Saint of the Day | AmericanCatholic.org

Tuesday 2 September 2008

Message to the CWL London

Labour Day Classic

Oskee Wee Wee
Oskee Wha Wha
Holy Mackinaw
Tigers ... Eat'em RAW!!

(Cheer by Vince Wirtz 1941 as adapted by Paul Weiler a.k.a. Pigskin Pete)

I write this as a begin my yearly pilgrimage to the Labour Day Classic football game between the Hamilton Tiger Cats and the Toronto Argonauts. Each year I get one CFL football game in with some of my brother priests and friends. It is a great time to sit back and become part of the screaming masses of Tiger Cats fans that come out to support their team. There is a strong sense of fraternity among the Ti-Cat fans as our team goes out to battle the big city corporate types in Toronto. It is expected that we will lose so it is even more of a triumph if we win. Everyone loves the underdog.

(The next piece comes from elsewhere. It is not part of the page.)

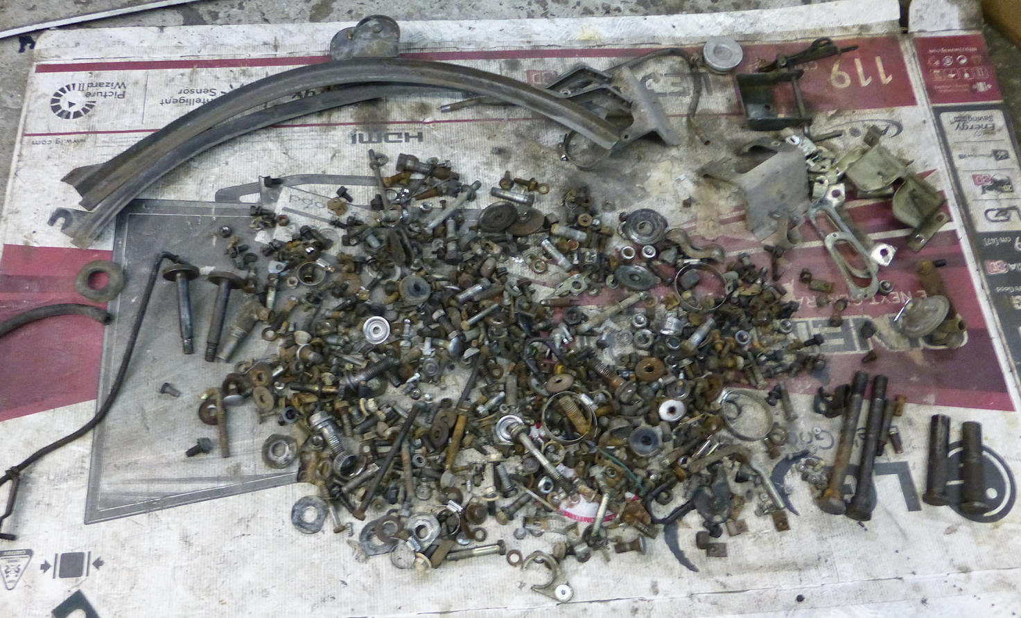 Then I have a ton of old bolts, nuts, clips, brackets and all the other parts from my car that were electro plated originally and that needs to be restored. They were sorted into what used to be silver, gold and black, and on Monday I will ship these to a company that used to plate all the bolts and such for Saab and they will make these look like new.

This battle between the steel town boys and the big city boatmen reflects a deeper battle of ordinary laborers and corporate business. On this Labour Day the stands were full of ordinary people worrying about the future as they begin to realize that they may not fit into the economic equation anymore. Autoworkers, steelworker and farm workers that were once the strength of Ontario’s economic engine are now seen as a drain on business. This runs so contrary so Catholic Social Teaching. For Catholics, people were not created for work as mere resources but work was created for people to perfect us.

Work is a good thing for man--a good thing for his humanity--because through work man not only transforms nature, adapting it to his own needs, but he also achieves fulfillment as a human being and indeed in a sense becomes "more a human being."

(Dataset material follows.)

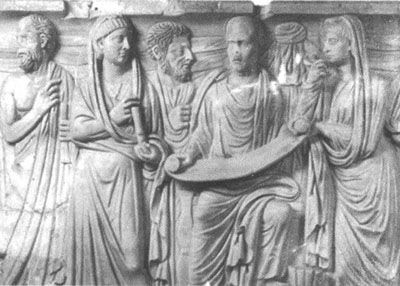 讲学的普罗提诺。普罗提诺(204—270年),最著名的新柏拉图主义哲学家,被誉为新柏拉图主义之父。他虽然不是基督徒,但其哲学却对当时的基督教的教父哲学产生了极大影响

(Pope John Paul II, Encyclical on Human Work promulgated 14 September 1981)

As members of the Catholic Women’s League we are well aware of the dignity of human labor. The many activities the League engages in are opportunities for our members to give of themselves. The gift of each member is more important than the task at hand. Christ is present when we are allow to give of ourselves and we are perfected in his image when share our time and talents.

As we begin the work of the League in the coming year, may we echo the refrain of this ancient Eucharistic hymn:

Where the many work together,
They with Christ himself abide,
But the lonely workers also
Find him ever at their side.
Lo, the Prince of common welfare
Dwells within the market strife;
Lo, the bread of heaven is broken
In the sacrament of life.

(Magnificat, Vol. 10, No. 7, Pg. 29)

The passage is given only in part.